– Познакомьтесь, пожалуйста, это мой ассистент Джон Кайсер.
Де Бек одарил нас улыбкой человека, готового подыграть нашей маленькой лжи, но при этом прекрасно понимающего, что это всего лишь ложь. Он жестом предложил мне взглянуть на стену справа от меня, украшенную множеством черно-белых фотографий в рамках. Я подошла и скользнула по снимкам быстрым оценивающим взглядом. В глаза сразу бросилось, что все они изображали разные этапы вьетнамской войны и сделаны очень хорошо. Я бы даже сказала, мастерски.
– Нравится?
– Очень. Откуда они у вас?
– Я был знаком со многими журналистами и фотографами в годы той войны. Время от времени они доставляли мне радость и дарили свои работы.

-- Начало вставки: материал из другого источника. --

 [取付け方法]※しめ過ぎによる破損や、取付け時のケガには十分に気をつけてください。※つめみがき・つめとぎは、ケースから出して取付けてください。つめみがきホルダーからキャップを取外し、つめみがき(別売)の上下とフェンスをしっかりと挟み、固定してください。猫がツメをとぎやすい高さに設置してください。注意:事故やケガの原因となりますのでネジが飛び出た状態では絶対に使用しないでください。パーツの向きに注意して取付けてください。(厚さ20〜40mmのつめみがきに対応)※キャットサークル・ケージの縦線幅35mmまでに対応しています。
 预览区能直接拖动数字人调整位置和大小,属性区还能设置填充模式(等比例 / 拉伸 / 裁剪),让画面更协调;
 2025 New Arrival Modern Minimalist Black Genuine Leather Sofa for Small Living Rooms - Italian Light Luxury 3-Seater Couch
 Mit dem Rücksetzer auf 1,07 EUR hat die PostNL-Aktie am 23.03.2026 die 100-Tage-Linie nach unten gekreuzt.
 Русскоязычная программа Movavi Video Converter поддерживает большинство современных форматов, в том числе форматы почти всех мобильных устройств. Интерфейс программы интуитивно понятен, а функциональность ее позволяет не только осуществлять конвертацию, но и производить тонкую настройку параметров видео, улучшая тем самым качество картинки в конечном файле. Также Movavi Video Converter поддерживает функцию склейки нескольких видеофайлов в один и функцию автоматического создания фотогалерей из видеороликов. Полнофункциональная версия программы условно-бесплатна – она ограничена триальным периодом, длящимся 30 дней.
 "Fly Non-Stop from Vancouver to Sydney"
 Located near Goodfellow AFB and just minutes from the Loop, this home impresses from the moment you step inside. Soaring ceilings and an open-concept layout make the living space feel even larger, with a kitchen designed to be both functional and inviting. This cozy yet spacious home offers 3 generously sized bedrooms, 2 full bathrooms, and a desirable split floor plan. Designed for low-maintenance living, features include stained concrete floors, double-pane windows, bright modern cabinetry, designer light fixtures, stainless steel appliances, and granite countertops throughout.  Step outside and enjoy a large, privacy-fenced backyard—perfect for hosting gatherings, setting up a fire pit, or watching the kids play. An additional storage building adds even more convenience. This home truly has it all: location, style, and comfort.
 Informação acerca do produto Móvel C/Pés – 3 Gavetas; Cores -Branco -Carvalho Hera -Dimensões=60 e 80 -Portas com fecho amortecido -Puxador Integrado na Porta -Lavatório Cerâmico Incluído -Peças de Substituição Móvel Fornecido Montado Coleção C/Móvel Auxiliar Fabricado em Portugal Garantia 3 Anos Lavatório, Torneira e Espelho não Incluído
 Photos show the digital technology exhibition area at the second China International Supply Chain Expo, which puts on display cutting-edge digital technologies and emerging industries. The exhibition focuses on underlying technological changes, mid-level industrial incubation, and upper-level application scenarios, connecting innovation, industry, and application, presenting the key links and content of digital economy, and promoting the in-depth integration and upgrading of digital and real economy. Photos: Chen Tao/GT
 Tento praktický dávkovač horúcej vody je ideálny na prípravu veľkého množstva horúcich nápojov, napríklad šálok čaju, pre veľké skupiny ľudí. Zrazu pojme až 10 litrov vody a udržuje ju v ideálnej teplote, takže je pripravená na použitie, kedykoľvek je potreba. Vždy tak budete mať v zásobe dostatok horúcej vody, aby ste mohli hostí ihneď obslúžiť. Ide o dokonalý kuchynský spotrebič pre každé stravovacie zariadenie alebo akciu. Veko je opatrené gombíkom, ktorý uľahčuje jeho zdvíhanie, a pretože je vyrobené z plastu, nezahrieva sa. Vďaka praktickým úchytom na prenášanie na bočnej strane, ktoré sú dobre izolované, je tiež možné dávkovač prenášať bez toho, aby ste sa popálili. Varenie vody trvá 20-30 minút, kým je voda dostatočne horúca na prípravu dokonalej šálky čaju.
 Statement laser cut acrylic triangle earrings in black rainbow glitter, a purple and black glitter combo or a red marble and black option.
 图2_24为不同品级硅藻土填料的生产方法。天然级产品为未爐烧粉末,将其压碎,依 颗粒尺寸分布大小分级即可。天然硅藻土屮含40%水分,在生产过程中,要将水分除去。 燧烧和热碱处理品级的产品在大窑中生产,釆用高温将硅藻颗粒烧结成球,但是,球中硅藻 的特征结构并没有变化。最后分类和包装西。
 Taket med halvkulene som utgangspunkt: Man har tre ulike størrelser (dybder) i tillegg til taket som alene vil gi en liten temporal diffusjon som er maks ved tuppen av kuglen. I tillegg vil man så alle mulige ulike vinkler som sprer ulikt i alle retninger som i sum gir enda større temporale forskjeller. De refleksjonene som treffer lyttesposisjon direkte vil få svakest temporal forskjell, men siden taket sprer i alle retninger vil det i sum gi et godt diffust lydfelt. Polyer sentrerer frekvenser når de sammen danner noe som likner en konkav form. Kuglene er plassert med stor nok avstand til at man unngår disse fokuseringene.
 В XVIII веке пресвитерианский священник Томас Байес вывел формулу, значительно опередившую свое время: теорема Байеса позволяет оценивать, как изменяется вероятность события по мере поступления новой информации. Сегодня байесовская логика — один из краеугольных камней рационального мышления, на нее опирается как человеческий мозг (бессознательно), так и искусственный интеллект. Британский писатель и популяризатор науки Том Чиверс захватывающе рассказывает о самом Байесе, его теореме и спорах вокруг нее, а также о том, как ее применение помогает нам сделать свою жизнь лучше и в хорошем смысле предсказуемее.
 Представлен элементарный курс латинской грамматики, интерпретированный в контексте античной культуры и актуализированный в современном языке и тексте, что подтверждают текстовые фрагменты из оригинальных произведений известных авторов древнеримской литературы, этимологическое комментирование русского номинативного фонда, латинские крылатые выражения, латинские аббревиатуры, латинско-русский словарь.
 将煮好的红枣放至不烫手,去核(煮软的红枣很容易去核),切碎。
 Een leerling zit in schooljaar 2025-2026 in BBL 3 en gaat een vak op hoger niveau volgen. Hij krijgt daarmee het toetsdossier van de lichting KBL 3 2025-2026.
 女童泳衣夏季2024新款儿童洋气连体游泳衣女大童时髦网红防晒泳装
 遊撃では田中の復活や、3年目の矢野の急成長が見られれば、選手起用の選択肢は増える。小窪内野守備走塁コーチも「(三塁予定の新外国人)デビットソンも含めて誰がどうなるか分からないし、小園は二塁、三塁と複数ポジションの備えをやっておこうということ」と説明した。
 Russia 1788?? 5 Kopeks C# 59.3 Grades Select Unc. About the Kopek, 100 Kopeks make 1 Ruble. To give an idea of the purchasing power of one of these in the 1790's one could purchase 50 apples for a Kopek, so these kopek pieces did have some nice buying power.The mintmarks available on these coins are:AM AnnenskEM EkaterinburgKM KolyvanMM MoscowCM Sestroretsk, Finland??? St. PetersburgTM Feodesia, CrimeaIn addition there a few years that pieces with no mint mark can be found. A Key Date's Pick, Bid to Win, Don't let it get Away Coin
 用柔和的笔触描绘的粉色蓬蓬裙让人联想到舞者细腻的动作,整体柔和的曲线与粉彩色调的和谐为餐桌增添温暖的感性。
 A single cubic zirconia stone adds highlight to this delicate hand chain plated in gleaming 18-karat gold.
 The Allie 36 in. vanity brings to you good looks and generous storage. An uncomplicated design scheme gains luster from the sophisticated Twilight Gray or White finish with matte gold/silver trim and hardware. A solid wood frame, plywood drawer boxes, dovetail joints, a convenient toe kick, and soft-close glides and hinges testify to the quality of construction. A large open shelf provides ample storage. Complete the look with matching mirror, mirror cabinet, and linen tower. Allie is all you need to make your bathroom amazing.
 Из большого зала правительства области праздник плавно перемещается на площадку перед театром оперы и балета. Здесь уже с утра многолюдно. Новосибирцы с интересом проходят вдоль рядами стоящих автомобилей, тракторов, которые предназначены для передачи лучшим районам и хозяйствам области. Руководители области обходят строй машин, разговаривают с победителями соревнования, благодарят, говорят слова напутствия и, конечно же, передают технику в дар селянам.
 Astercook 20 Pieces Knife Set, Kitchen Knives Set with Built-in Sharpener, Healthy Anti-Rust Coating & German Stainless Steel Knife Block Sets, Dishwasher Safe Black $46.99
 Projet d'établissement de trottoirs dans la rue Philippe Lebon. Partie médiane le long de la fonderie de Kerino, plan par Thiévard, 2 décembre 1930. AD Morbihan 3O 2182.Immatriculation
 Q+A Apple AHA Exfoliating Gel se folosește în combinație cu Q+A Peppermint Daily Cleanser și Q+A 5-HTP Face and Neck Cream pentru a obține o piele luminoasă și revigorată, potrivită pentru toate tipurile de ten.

Я медленно пошла вдоль стены, разглядывая каждый снимок. Оказалось, что не все они были на военную тему. Я увидела картинки обычной мирной жизни – мужчин, женщин, детишек, храмы и предметы искусства. А в углу были групповые портреты одетых в военную форму журналистов. Я сразу узнала Шона Флинна, Дикси Риз, Дану Стоун, Ларри Берроуза и многих других. Это были лучшие из лучших. А вот и сам Роберт Капа – отец-основатель опасного ремесла военного фотокорреспондента. Стоит, улыбается, еще живой… Я перешла к следующему снимку и вдруг замерла, как вкопанная. Со стены на меня смотрел позирующий рядом с каменным Буддой… Джонатан Гласс… мой отец.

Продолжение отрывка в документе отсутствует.